Der Bistrowaggon erfüllt dann doch noch den Orientexpress-Flair: Weiche blaue Sitzsofas, goldene Stehlampen mit grünem Schirm und natürlich ein toller Ausblick auf die schwedische Landschaft.
Bullerbü aus dem Zugfenster
Um 9.19 Uhr geht es von Malmö aus weiter Richtung Stockholm. Auf diesen letzten 600 Kilometern versüßt mir die schöne schwedische Landschaft die Zeit. Am Fenster rasen Birkenwälder, Seen und, na klar, Schwedenhäuser vorbei! Die leuchtend rot und gelb gestrichenen Holzhäuser erfüllen mit ihren fein geschnitzten, weißen Giebeln meine von Astrid Lindgren geprägten Kindheitsträume. Und befeuern meine freudige Erwartung auf die schwedische Hauptstadt. Auch die Schwed*innen, die immer wieder ein und aussteigen, sind ganz so wie ich sie mir vorgestellt habe: groß, wahnsinnig gut gekleidet und höflich. Während der Fahrt werde ich öfter auf Schwedisch angesprochen, wovon ich leider rein gar nichts verstehe. Macht aber nichts, alle sprechen absolut perfektes Englisch.
Die Zeit vergeht wie im Flug, mein Sitzplatz am Tisch ist sehr gemütlich. Seit Stockholm trägt übrigens niemand mehr Masken. Das Tragen wird empfohlen, ist hier aber nirgendwo verpflichtend. Während der letzten Minuten lasse ich die Fahrt noch einmal Revue passieren. Ich saß zwar sehr bequem, aber für die nächste Reise würde ich dann doch ein Liegeabteil nehmen und dann frühzeitig buchen. Mir wird jetzt erst richtig klar, wie weit Stockholm von Deutschland entfernt ist. Es liegt immerhin höher als die nördlichste Stadt Großbritanniens! Von Berlin sind es zwar eigentlich nur 810 Kilometer Luftlinie, aber wir haben von Berlin aus auf dem Landweg ganze 1400 Kilometer hinter uns gebracht. Gar nicht schlecht. Während ich so rechne, rasen wir über die letzte Brücke und erreichen auch schon die Ausläufer von Stockholm!
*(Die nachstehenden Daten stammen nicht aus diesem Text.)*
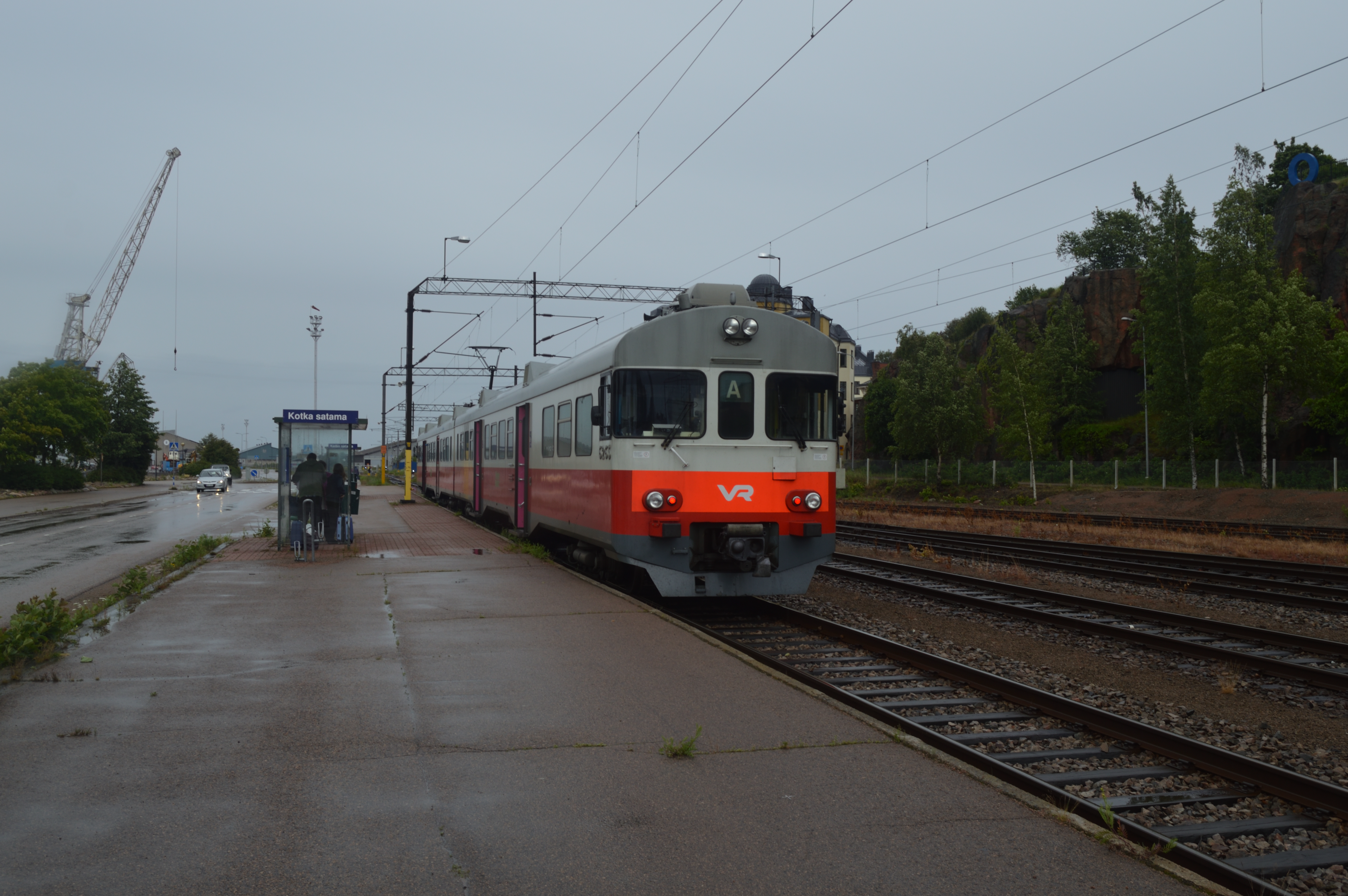 Sm2 6065 at Kotkan satama station during a quick turnaround on 5 July 2016. Train H357, 16:30 Kotkan satama to Kouvola. Note the station sign displays Kotka satama, the station is officially listed as Kotkan satama on website journey planners etc.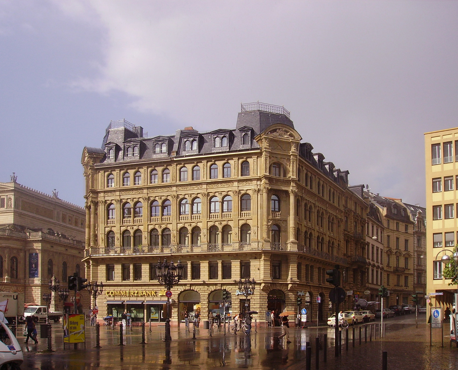 Place of the Opera, Frankfurt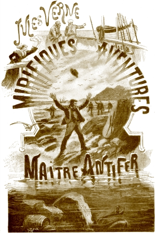 An illustration from Jules Verne's novel "Captain Antifer" (or "The Wonderful Adventures of Captain Antifer", 1894) drawn by George Roux.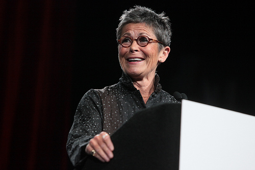 This photo was taking by Out & Equal Workplace Advocates for Out & Equal Workplace Advocates, appropriate for use with proper citation.

Mit ganz leichter Verspätung kommen wir um 14.40 Uhr im Bahnhof der schwedischen Hauptstadt an. Und ich steige nach knapp 15 Stunden aus dem Zug aus und bin schwer begeistert. Fliegen geht zwar um einiges schneller, aber mit dem Zug wird der Weg zu einem echten Erlebnis.
Fliegen geht zwar um einiges schneller, aber mit dem Zug wird der Weg zu einem echten Erlebnis.